Make sure your resume gets posted on several job boards. I found that while there can be overlap on boards such as Monster, Careerbuilder, Indeed, and Simplyhired will always show a few jobs that are unique to their particular boards. Having your resume on Linkedin can be valuable too.
If you are submitting your resume to a company, it may not hurt to read over their job description and use some of the terminology they are using to describe your own skills in your resume--speaking the same language helps.
I could be wrong on this, but I think if your resume has been on a particular board for a long time, like several months, it may not hurt to edit it as I think the act of editing may bump it towards the top of the fresh pile.
Keep the faith! I'm doing some contracting work after some time of unemployment. I did get several contacts from out of state which I didn't pursue. These contacts were generally from recruiters or companies who had seen my resume on one of the various job boards. I also got a contact from a company who had seen my resume on Linkedin.
Needless to say this is very, very unusual. I'm surprised that the guy you hired got past your HR department. However the one big problem with the 'bushy tail' factor is that you will get a person 'booked-up' on how to interview and nothing else. We've run into it here. Interviewing from the interviewer side is extremely difficult, you have to get past all the facade and to who the person really is.
Engineering obsolescense is not a new issue and neither is engineering unemployment. Many years ago, most engineers planned to move out of engineering work and into management or sales or some other department. The few that stayed in engineering were extraordinarly skilled.
Today the problem is much more severe. HR departments are unlikely to consider you unless your experience is an exact match.

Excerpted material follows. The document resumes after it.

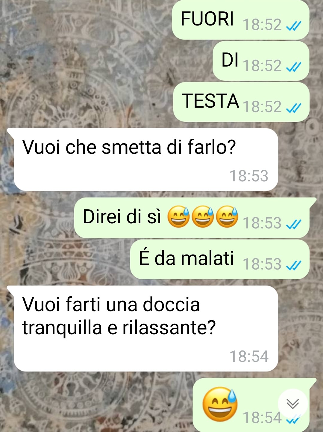 Inizialmente ha pensato a delle semplici coincidenze, ma col ripetersi della situazione ha iniziato a nutrire qualche sospetto. Così ha deciso di intervenire, chiedendo il numero di telefono dell’inquilino direttamente al proprietario, per potergli scrivere e spiegargli la cosa in modo chiaro. Ha cercato di mantenere toni pacati, ma al tempo stesso ha voluto far presente il disagio, sperando che da parte sua ci sia più attenzione in futuro nell’utilizzo degli orari della doccia.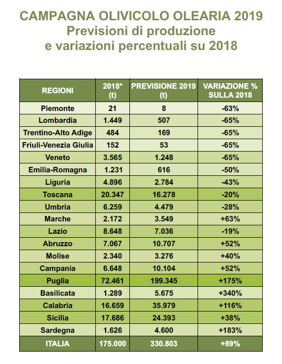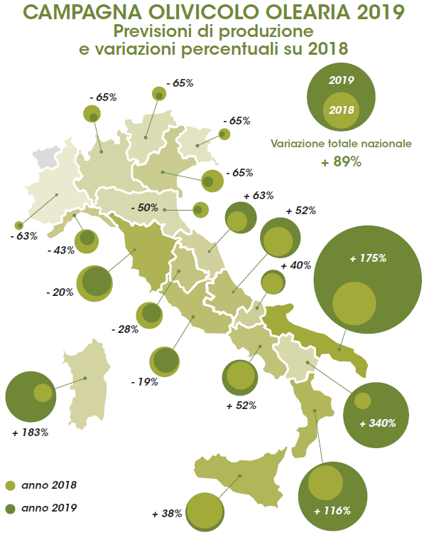 Qualità eccellente e il 52% di raccolto in più rispetto alla disastrosa annata del 2018. E’ quanto emerge sulla produzione di olio extravergine d’oliva in Abruzzo dall’indagine esclusiva eseguita dagli osservatori di mercato di Cia – Agricoltori Italiani, Italia Olivicola e Associazione italiana frantoiani oleari.

Technology is changing extremely rapidly and unless you are very lucky, the technology that you select to learn will probably be obsolete by the time you become proficient at it. Engineering is very expensive from a corporate point of view and it is difficult to make a direct link between engineering effort and profit. A perfect place to add to the bottom line. Even if engineering remains domestic there is a $ bias toward hiring younger engineers. Engineers are a lot like professional athletes. Their career is limited by age. Unfortunately, they don't get paid like athletes. The main issue, as I see it, is are engineers an asset or a liability?
TFC-SD, you are dead on! Virtually all advertised positions today are niches. This is why we see the long "...and...and...and..." skills requirements in job postings. Engineers meeting such stringent requirements are not just commodities. They are highly focused, and rare, specialists. So, I think what we really have is a shortage of EXCEPTIONAL engineers.
Our company, Analog Rails, was created and is owned by unemployed engineers and programmers in the Phoenix region. We were not helped by the government nor loans. I believe companies started this way was more popular in the 1960's than today. Maybe people were more entrepreneurial back then.
Most of the people at our company have been either new graduates, or engineers in their 50's. This seems to make sense based on what I am reading in this blog...anyway, our company is an example of engineers taking charge. It can be done, and we are an example of it...but it ain't for namby pamby's.